A pressed seaweed specimen from Auckland Museum's Botany collection inspired two staff members in very different ways.
The seaweed specimen, Stenogramma interruptum, was collected from Tauranga Harbour by Mary Winton in 1994.
Twenty years later it was photographed by Auckland Museum Honorary Research Associate Mike Wilcox who has been researching and collecting the seaweeds of the Auckland region for the past eight years. His photo of the specimen inspired Associate Curator Applied Arts and Design Jane Groufsky to create a textile design.
Seaweed photograph
By Mike Wilcox
Stenogramma interruptum is one our most attractive larger red seaweeds. In Auckland it is commonly found washed ashore in the bays inside the Manukau Heads (Kaitarakihi, Huia, Orua Bay) and also on reefs at Cake Island, Wattle Bay, and Mako Point (Orua Bay/Big Bay). It is sometimes found growing on the turret shells (Maoricolpus) which inhabit the harbour's channels. It is dimorphic, the cystocarpic phase having the characteristic interrupted cystocarpic "veins", while the asexual tetrasporangial (diploid) phase is dotted with dark coloured sporangia.
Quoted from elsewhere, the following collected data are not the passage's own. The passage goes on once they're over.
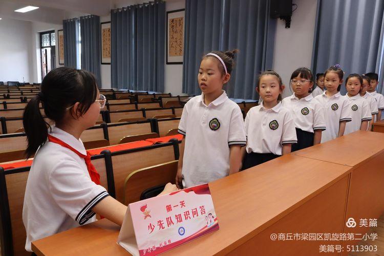队知识问答。同学们从少先队的名称到队员的标志,从少先队的创立者和领导者到队旗的含义,他们都能准确、流畅地回答。
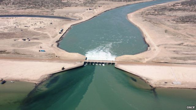 Язовирната стена, пазеща останките от Аралско море
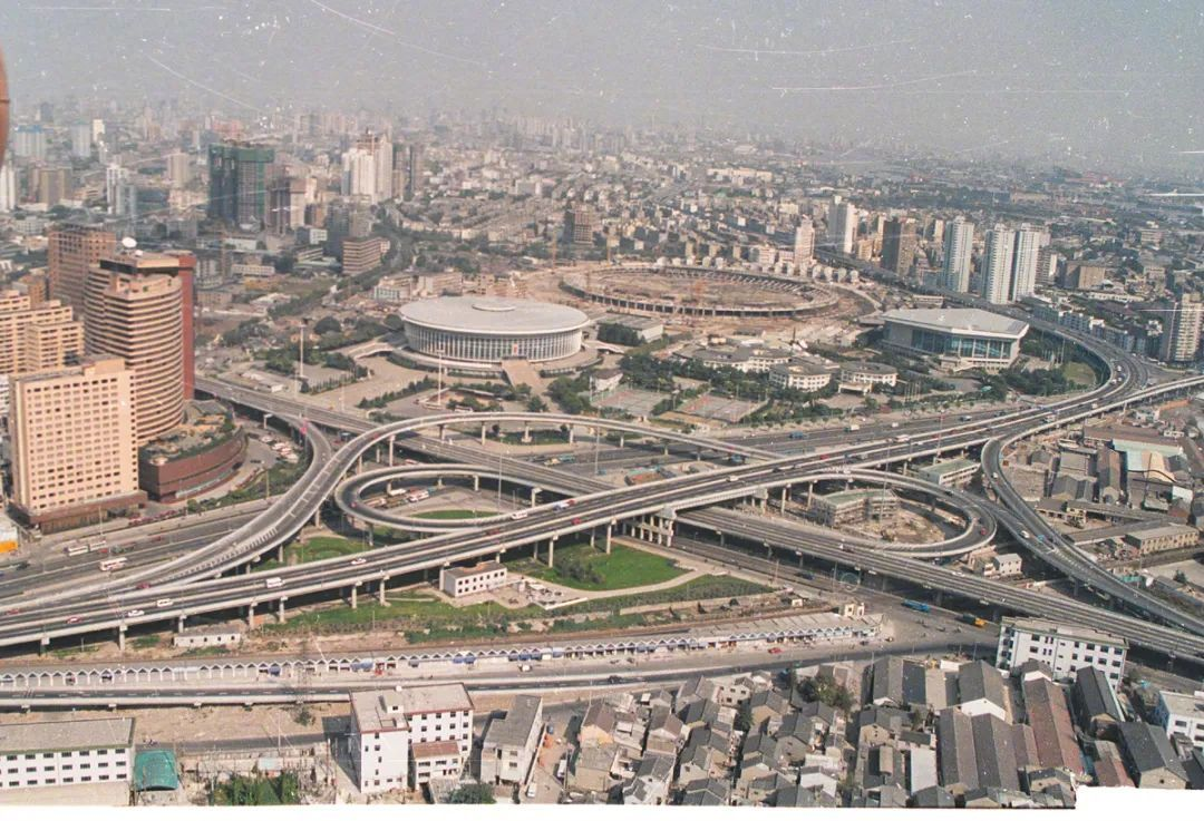 网上找到一张1994年全线通车后不久,航拍的内环线高架漕溪路立交全貌图。可以看到最左侧的就是华亭宾馆,中间圆形建筑是1975年建成的万体馆(现名是上海大舞台),右侧的椭圆形空地是刚破土动工不久的上海八万人体育场,工程从1994年9月3日开工打桩,到1997年9月竣工。

The picture of the specimen (AK 221591) collected by Mary Winton was taken by me with the intention of including it in an article in Auckland Botanical Society Journal 70(1), 2015 about the algae recorded in the Tauranga Harbour during the Katikati Bioblitz (6-7 March 2015). However, the picture had to be omitted due to shortage of space.
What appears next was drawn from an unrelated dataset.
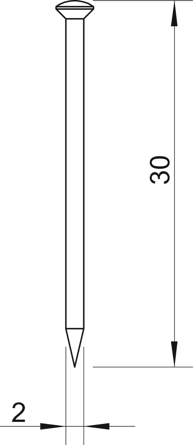 Dimension 2x30mm Dimension d 2 mm Dimension L 30 mm Hardened yes Head shape Rounded head Length 30 mm Material Steel Screw nail version no Shank diameter 2 mm Surface Electrogalvanized Version for Nail - All types

Mary de Winton is a Freshwater Ecologist with NIWA, Hamilton, and would no doubt be delighted to know that her beautifully pressed specimen has ended up on a dress.
Seaweed dress
By Jane Groufsky
I spotted a photo of the specimen when I was scrolling through the Auckland Museum Instagram feed one evening. I dabble in textile design, and I thought that its shape, colour and clear contrast would lend itself very well to a pattern. I simplified the form and scaled it down a little, then cut out some paper templates to get an idea of the spacing for the pattern repeat.
Our Applied Arts and Design collection contains some beautiful examples of handprinted textiles by New Zealand designers, including fabric printed in the 1950s by Blanche Wormald, as well as her original carved printing blocks.
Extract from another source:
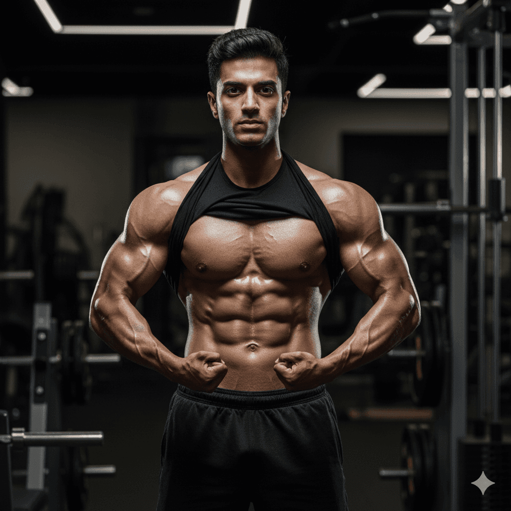 “Indian fitness model boy in gym lighting, visible muscle definition, sweat shine, sharp highlights, dramatic shadows, 4K hyper-realistic physique shot, motivational fitness portrait.”

These inspired me to try this design as a linocut – a fairly simple process which involves drawing out the design onto a piece of linoleum, then using a sharp tool to cut away around the shape. Sticky textile ink is applied to the lino using a roller, then placed face down on the fabric and pressed. There is variation in each print, which gives it a "handcrafted" look. I printed the cotton voile dress pieces after I had cut them out, then left the ink to "cure" for a week and sewed up the dress once fully dry. I was so pleased with the final result that I’ve been trawling through the images in our online collections database – there are plenty of wonderful specimens in our collection ripe for artistic interpretation.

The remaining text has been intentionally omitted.